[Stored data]
********

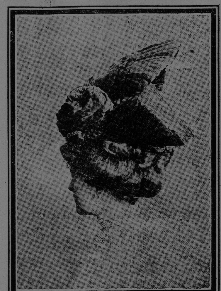
SMALL TOQUE TRIMMED WITH HUGE WINGS There are many occasions for which the and there are many women who find it small toque is the most appropriate hat, the most becoming of all headwear. For leased.

line to the hat, one pair being placed at THOUGHT STRYCHNINE
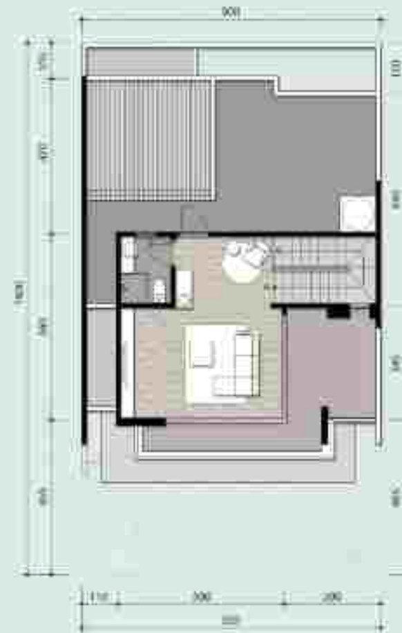
3 RD F

★ CONCRETE EXISTING ONLY THIS APPROX. IT'S NOT FOR EXECUTION. THE POSITIONS MAY BECHANGED.
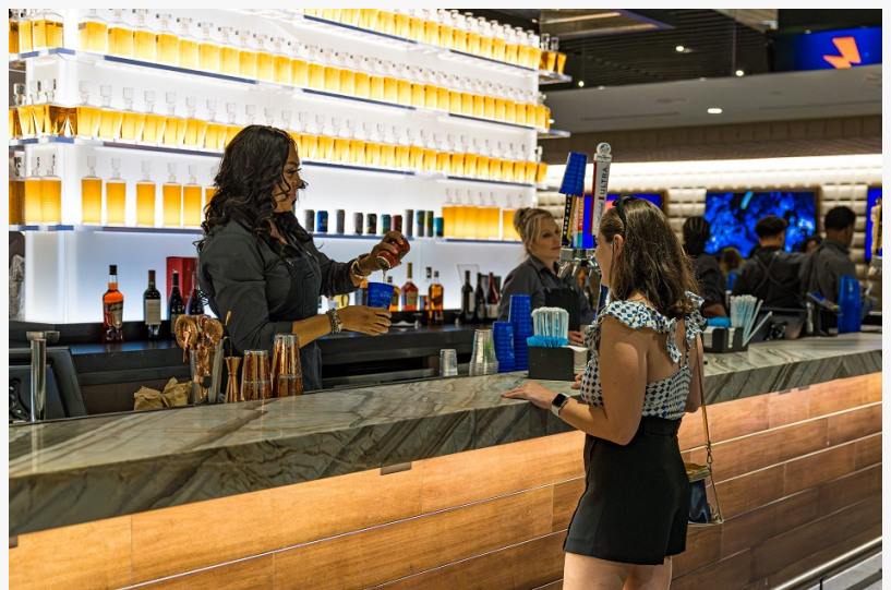
BEYOND Hospitality FIFA Club World Cup

thrilling, new format club football event – including venue fit-outs, menu taste tests, and match-day planning. The FIFA Club World Cup 2025™ features 32 of the world's top clubs and runs from 14 June to 13 July 2025, across 12 stadiums in the United States – providing loyal and new fans the opportunity to see the current greats of the game face off on home turf. See why "soccer" – with its electric pace and passionate fandom – remains the most popular sport on the planet,

********

Every line that contains "World" should be copied out of the data.

BEYOND Hospitality FIFA Club World Cup
thrilling, new format club football event – including venue fit-outs, menu taste tests, and match-day planning. The FIFA Club World Cup 2025™ features 32 of the world's top clubs and runs from 14 June to 13 July 2025, across 12 stadiums in the United States – providing loyal and new fans the opportunity to see the current greats of the game face off on home turf. See why "soccer" – with its electric pace and passionate fandom – remains the most popular sport on the planet,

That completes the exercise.